27 August 2013

Restaurant review: Eating with the aloha spirit in Windsor, Colorado



Windsor is a funny little town.  When we first moved here a decade ago, it was basically a collection of houses, some new, some old, and a couple of dumpy shops on Main Street.  By updating the downtown with a couple of good restaurants and some interesting shops, and centering on the large reservoir (we call them "lakes" in Colorado) just north of Main Street, it has since fashioned itself into something akin to a resort town.  It's worth a half-day trip if you're in the area visiting Rocky Mountain National Park or Fort Collins, and if you go, you should definitely stop by Okole Maluna for a meal.

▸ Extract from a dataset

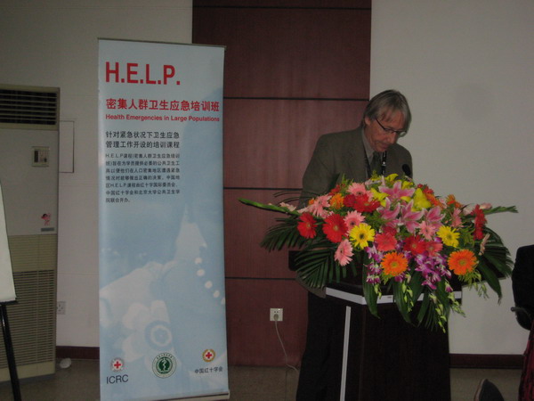 2010年10月18日在北京大学医学部举办由红十字国际委员会、北京大学公共卫生学院、中国红十字会总会合办的“密集人群卫生应急培训班”正式拉开帷幕,这届培训班的主旨之一是如何在灾害局势和突发状况下满足人们在安全用水、疾病防控和心理支持等多方面的需求,加强突发状况下的公共卫生工作。
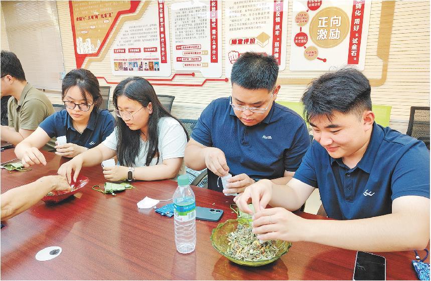 “拾喜青年”的生动实践,不但精准满足青年群体的多元化需求,更为基层治理注入新鲜活力,构建起覆盖学习成长、职业发展、创新创业等全链条青年服务体系,让青年从旁观者变为参与者,成为基层治理的“生力军”,在共建共享中书写青春与城市的“双向奔赴”。上图为青年在体验手工艺品制作。

Okole Maluna was opened a few years ago by two native Hawaiians with strong ties to the food industry, so they have an efficient system in place and real knowledge of the food they're producing.  The dishes are a mix of moderately priced (entrees run $9-$15 at night) high- and low-cuisine from the islands with some updates that pay homage to local ingredients. Like Windsor itself, the decor is moderately upscale, but with a casual, welcoming feel.  The night I visited, clientele ranged from business people and upper-middle class couples to young families with rugrats in tow (warning: it does get loud quickly when the kids come in to play), and the beautifully maintained salt water aquarium brought almost everyone to the back for a little gawking at some point during their meals.  Co-owner Juliet Higa, a registered dietitian with 25 years in the restaurant business, was waiting tables, greeting customers, and making the rounds to visit with customers about their food.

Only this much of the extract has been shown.